**DIRECTIONS FOR THIS TASK**. The answer should hold only the lines from the beginning of the material through the one with "每一大洲人口的增減變化、人們", reproduced exactly and without pictures.

**DATA SEGMENT**.
[Start of Attachment]
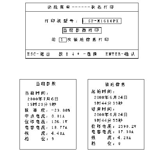 狀態(tài)打印—“狀態(tài)打印”下設(shè)有選擇打印機(jī)型號(hào)、當(dāng)前參數(shù)內(nèi)容及前幾次接地信息選擇,用方向鍵選擇,按“確定”鍵確認(rèn)并執(zhí)行,在打印接地信息時(shí)用“+”、“-”鍵改變所需打印的接地信息的次數(shù)。打印內(nèi)容如下圖。
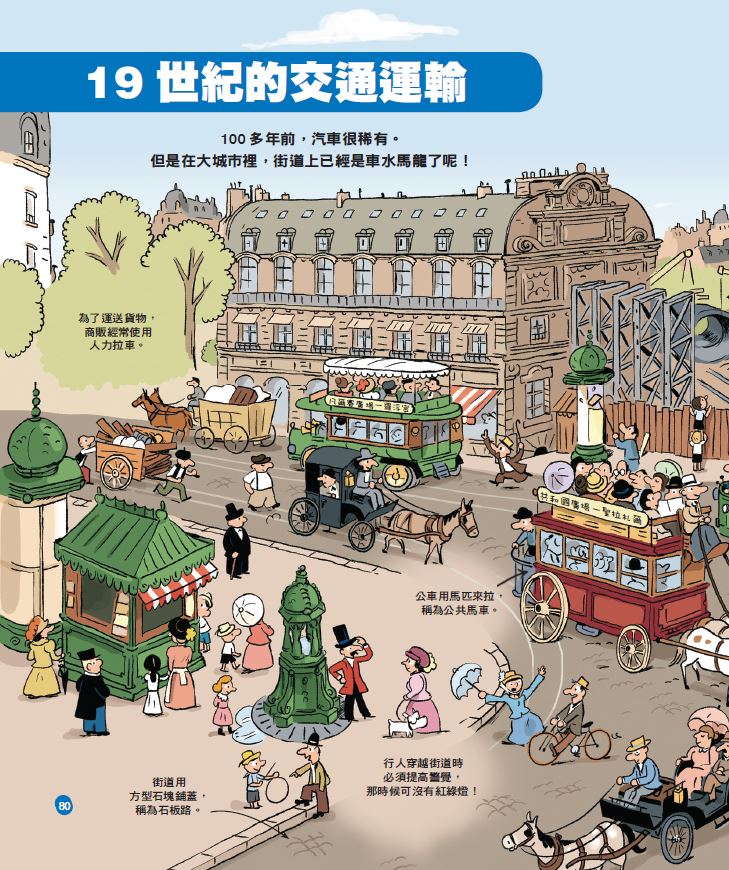 每一大洲人口的增減變化、人們穿戴的服飾、重要建築物,交通工具的進化……,各時代的世界全貌一覽無遺。
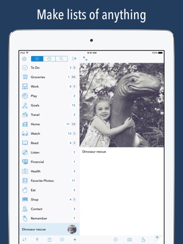 Use it to create to do lists, shopping lists, take notes, store contact information, keep track of books to read, or movies to watch... or anything else youd want to make a list for.
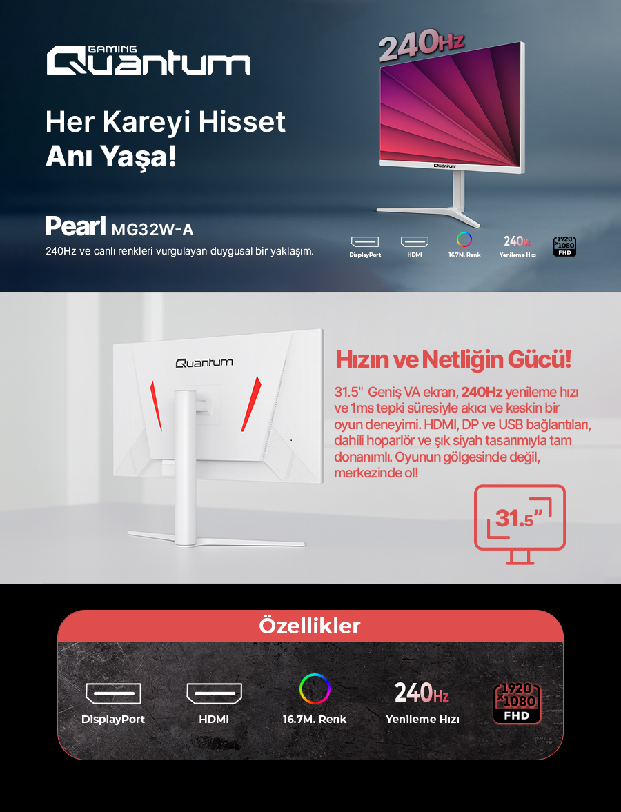 Quantum Pearl MG32W-A FHD VA 240Hz 1ms 2xHDMI+2xDP Dahili Hoparlör 31,5\" Flat Beyaz Yükseklik ayarli Gaming Monitör QNMNT10F080960
[End of Attachment]
**SOLUTION FOR THIS PROBLEM**.
 狀態(tài)打印—“狀態(tài)打印”下設(shè)有選擇打印機(jī)型號(hào)、當(dāng)前參數(shù)內(nèi)容及前幾次接地信息選擇,用方向鍵選擇,按“確定”鍵確認(rèn)并執(zhí)行,在打印接地信息時(shí)用“+”、“-”鍵改變所需打印的接地信息的次數(shù)。打印內(nèi)容如下圖。
 每一大洲人口的增減變化、人們穿戴的服飾、重要建築物,交通工具的進化……,各時代的世界全貌一覽無遺。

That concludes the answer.